Exercise objective
What you produce should be the lines from the line containing "The Sigma 12-24mm" through the last line below, both ends included, reproduced exactly and without pictures.

Dataset excerpt
BEGIN
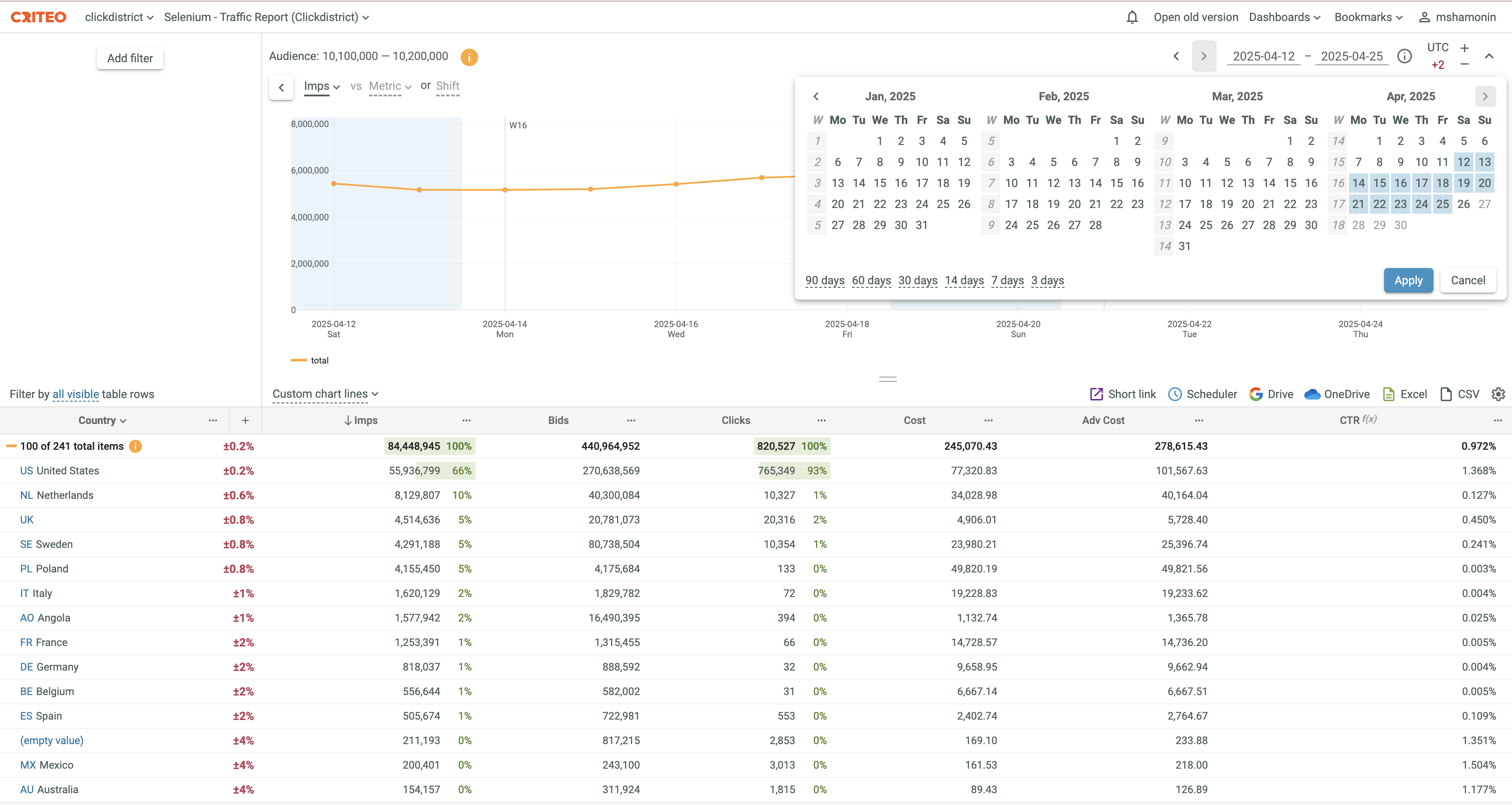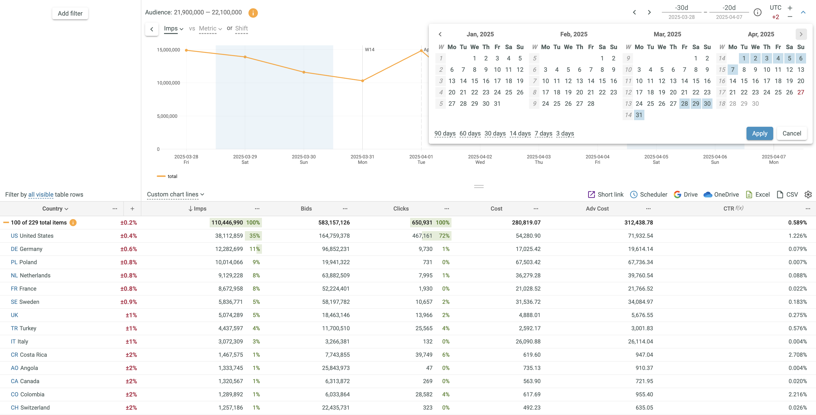 - Click the corresponding shortcut: 90 days, 60 days, 30 days, 14 days, 7 days or 3 days.
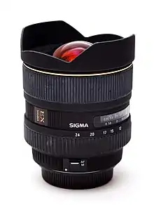 The Sigma 12-24mm f/4.5-5.6 EX DG HSM is a professional-level wide-angle zoom lens made by Sigma Corporation.[1] At launch it was the widest rectilinear lens available for full-frame 35mm SLR cameras, providing a field of view of 122 degrees. It has since been surpassed by the Canon EF 11-24mm f/4L zoom lens and the Irix 11mm f/4, a manual focus prime lens.[2] The Sigma 12-24 has low distortion even compared to less wide zooms like the Canon EF 16-35mm lens.[3]
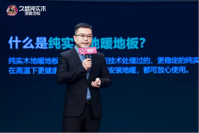 隨后,久盛地板有限公司營(yíng)銷總經(jīng)理李彭濤介紹了純實(shí)木地暖地板及其優(yōu)勢(shì),他表示,久盛在技術(shù)、原材、服務(wù)等方面始終處于行業(yè)重要地位,得到行業(yè)和消費(fèi)者的認(rèn)可。久盛不僅擁有強(qiáng)大、健康的實(shí)力守護(hù)好每個(gè)小家,多年來(lái)還積極承擔(dān)社會(huì)責(zé)任,以“愛木周”“億株珍貴樹”活動(dòng)等守護(hù)“大家”,推動(dòng)行業(yè)可持續(xù)發(fā)展,守護(hù)建設(shè)綠色家園。
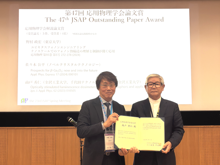 金沢工業大学の南戸秀仁教授・岡田豪准教授が応用物理学会「解説論文賞」を受賞
END
Answer below
 The Sigma 12-24mm f/4.5-5.6 EX DG HSM is a professional-level wide-angle zoom lens made by Sigma Corporation.[1] At launch it was the widest rectilinear lens available for full-frame 35mm SLR cameras, providing a field of view of 122 degrees. It has since been surpassed by the Canon EF 11-24mm f/4L zoom lens and the Irix 11mm f/4, a manual focus prime lens.[2] The Sigma 12-24 has low distortion even compared to less wide zooms like the Canon EF 16-35mm lens.[3]
 隨后,久盛地板有限公司營(yíng)銷總經(jīng)理李彭濤介紹了純實(shí)木地暖地板及其優(yōu)勢(shì),他表示,久盛在技術(shù)、原材、服務(wù)等方面始終處于行業(yè)重要地位,得到行業(yè)和消費(fèi)者的認(rèn)可。久盛不僅擁有強(qiáng)大、健康的實(shí)力守護(hù)好每個(gè)小家,多年來(lái)還積極承擔(dān)社會(huì)責(zé)任,以“愛木周”“億株珍貴樹”活動(dòng)等守護(hù)“大家”,推動(dòng)行業(yè)可持續(xù)發(fā)展,守護(hù)建設(shè)綠色家園。
 金沢工業大学の南戸秀仁教授・岡田豪准教授が応用物理学会「解説論文賞」を受賞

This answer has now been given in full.